[Opening PROVIDED ENTRIES section]
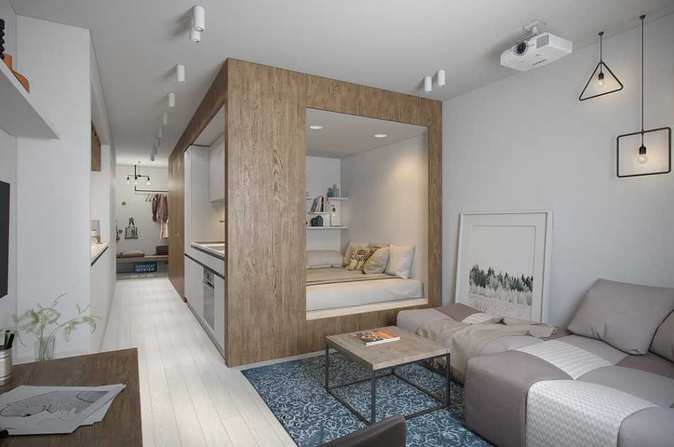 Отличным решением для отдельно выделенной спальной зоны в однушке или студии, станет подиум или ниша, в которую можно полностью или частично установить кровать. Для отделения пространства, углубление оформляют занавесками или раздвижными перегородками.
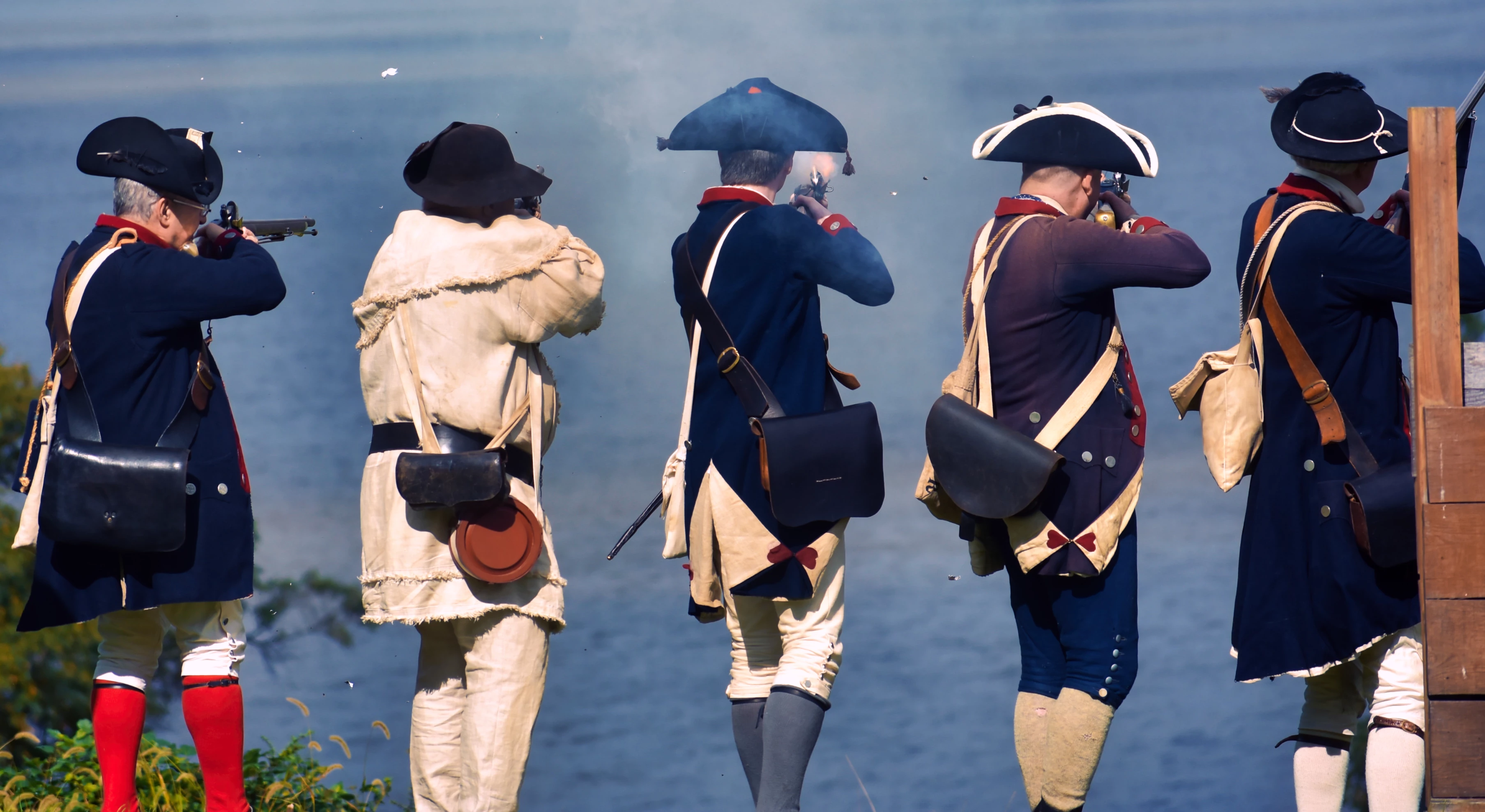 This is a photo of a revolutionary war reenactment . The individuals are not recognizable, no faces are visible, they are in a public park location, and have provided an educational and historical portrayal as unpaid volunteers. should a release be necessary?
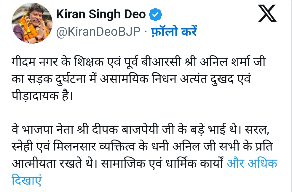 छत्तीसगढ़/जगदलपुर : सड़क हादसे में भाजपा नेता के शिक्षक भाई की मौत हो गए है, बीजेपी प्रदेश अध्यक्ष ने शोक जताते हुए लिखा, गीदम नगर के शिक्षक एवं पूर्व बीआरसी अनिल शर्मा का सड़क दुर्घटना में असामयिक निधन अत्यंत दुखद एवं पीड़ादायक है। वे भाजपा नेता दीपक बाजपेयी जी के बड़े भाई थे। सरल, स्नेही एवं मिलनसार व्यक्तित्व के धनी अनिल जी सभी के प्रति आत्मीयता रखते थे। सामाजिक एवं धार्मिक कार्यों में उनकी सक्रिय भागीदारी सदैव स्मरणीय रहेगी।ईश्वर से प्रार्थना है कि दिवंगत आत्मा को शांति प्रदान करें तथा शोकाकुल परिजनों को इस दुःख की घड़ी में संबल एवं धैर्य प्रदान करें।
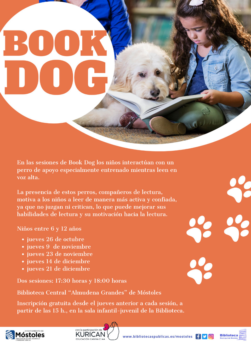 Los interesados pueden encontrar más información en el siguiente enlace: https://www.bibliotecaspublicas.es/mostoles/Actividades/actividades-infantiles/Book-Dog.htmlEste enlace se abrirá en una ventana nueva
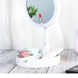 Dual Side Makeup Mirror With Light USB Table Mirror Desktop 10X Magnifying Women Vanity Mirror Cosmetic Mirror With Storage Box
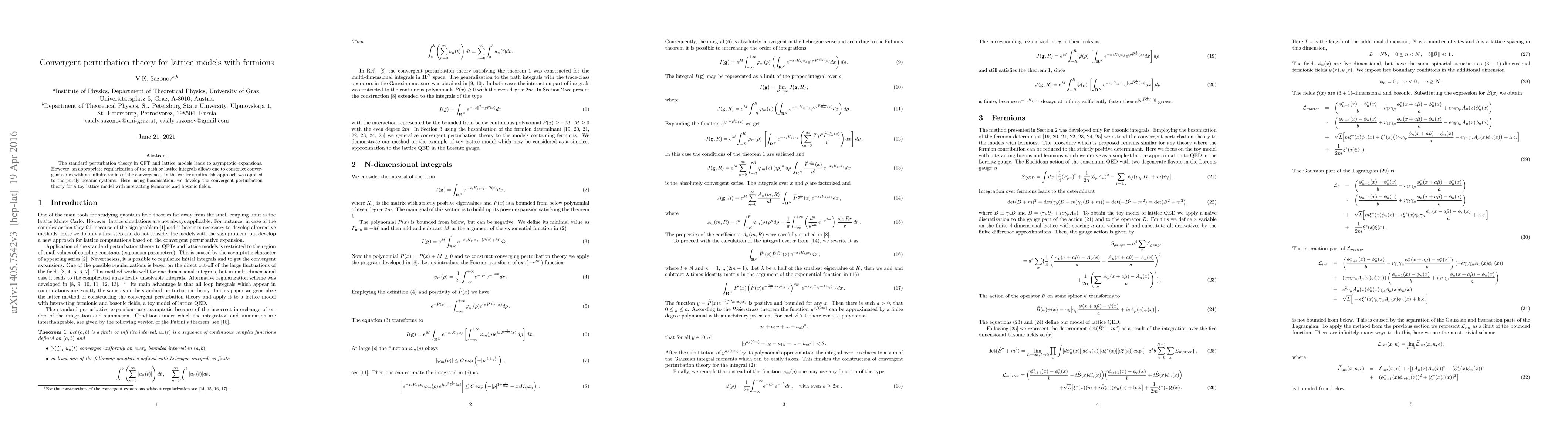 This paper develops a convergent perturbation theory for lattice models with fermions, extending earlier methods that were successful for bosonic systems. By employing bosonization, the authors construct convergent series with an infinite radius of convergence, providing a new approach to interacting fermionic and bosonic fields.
[Closing PROVIDED ENTRIES section]
Repeat the lines above, starting at the first and stopping after the line that holds "छत्तीसगढ़/जगदलपुर : सड़क", with the pictures left out.

 Отличным решением для отдельно выделенной спальной зоны в однушке или студии, станет подиум или ниша, в которую можно полностью или частично установить кровать. Для отделения пространства, углубление оформляют занавесками или раздвижными перегородками.
 This is a photo of a revolutionary war reenactment . The individuals are not recognizable, no faces are visible, they are in a public park location, and have provided an educational and historical portrayal as unpaid volunteers. should a release be necessary?
 छत्तीसगढ़/जगदलपुर : सड़क हादसे में भाजपा नेता के शिक्षक भाई की मौत हो गए है, बीजेपी प्रदेश अध्यक्ष ने शोक जताते हुए लिखा, गीदम नगर के शिक्षक एवं पूर्व बीआरसी अनिल शर्मा का सड़क दुर्घटना में असामयिक निधन अत्यंत दुखद एवं पीड़ादायक है। वे भाजपा नेता दीपक बाजपेयी जी के बड़े भाई थे। सरल, स्नेही एवं मिलनसार व्यक्तित्व के धनी अनिल जी सभी के प्रति आत्मीयता रखते थे। सामाजिक एवं धार्मिक कार्यों में उनकी सक्रिय भागीदारी सदैव स्मरणीय रहेगी।ईश्वर से प्रार्थना है कि दिवंगत आत्मा को शांति प्रदान करें तथा शोकाकुल परिजनों को इस दुःख की घड़ी में संबल एवं धैर्य प्रदान करें।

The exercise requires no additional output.